• Input for this task
------
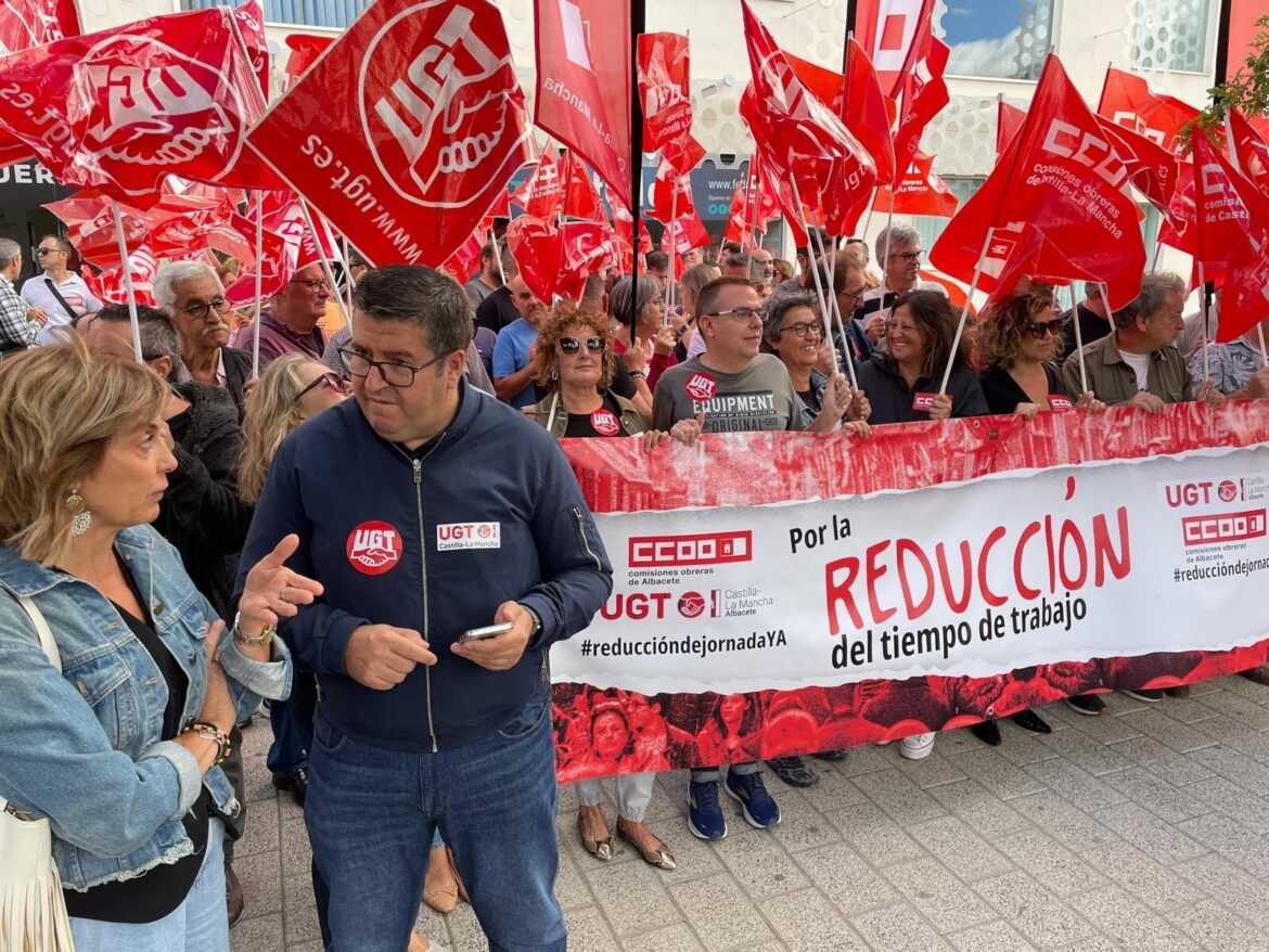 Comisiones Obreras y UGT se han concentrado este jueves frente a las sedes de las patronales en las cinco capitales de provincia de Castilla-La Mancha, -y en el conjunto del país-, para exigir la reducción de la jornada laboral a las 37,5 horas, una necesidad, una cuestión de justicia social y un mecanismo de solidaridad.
------
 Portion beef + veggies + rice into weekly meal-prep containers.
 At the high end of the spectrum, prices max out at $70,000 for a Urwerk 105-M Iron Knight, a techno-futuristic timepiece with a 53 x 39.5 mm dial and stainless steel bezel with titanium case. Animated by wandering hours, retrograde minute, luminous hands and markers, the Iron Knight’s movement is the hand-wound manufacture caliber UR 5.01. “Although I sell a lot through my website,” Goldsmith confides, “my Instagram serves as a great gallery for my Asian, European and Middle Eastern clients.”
------
In the listing above, start at the line with "Portion beef +", go on through the line with "At the high", and copy each of those lines exactly; leave out all the rest.

• Response area
 Portion beef + veggies + rice into weekly meal-prep containers.
 At the high end of the spectrum, prices max out at $70,000 for a Urwerk 105-M Iron Knight, a techno-futuristic timepiece with a 53 x 39.5 mm dial and stainless steel bezel with titanium case. Animated by wandering hours, retrograde minute, luminous hands and markers, the Iron Knight’s movement is the hand-wound manufacture caliber UR 5.01. “Although I sell a lot through my website,” Goldsmith confides, “my Instagram serves as a great gallery for my Asian, European and Middle Eastern clients.”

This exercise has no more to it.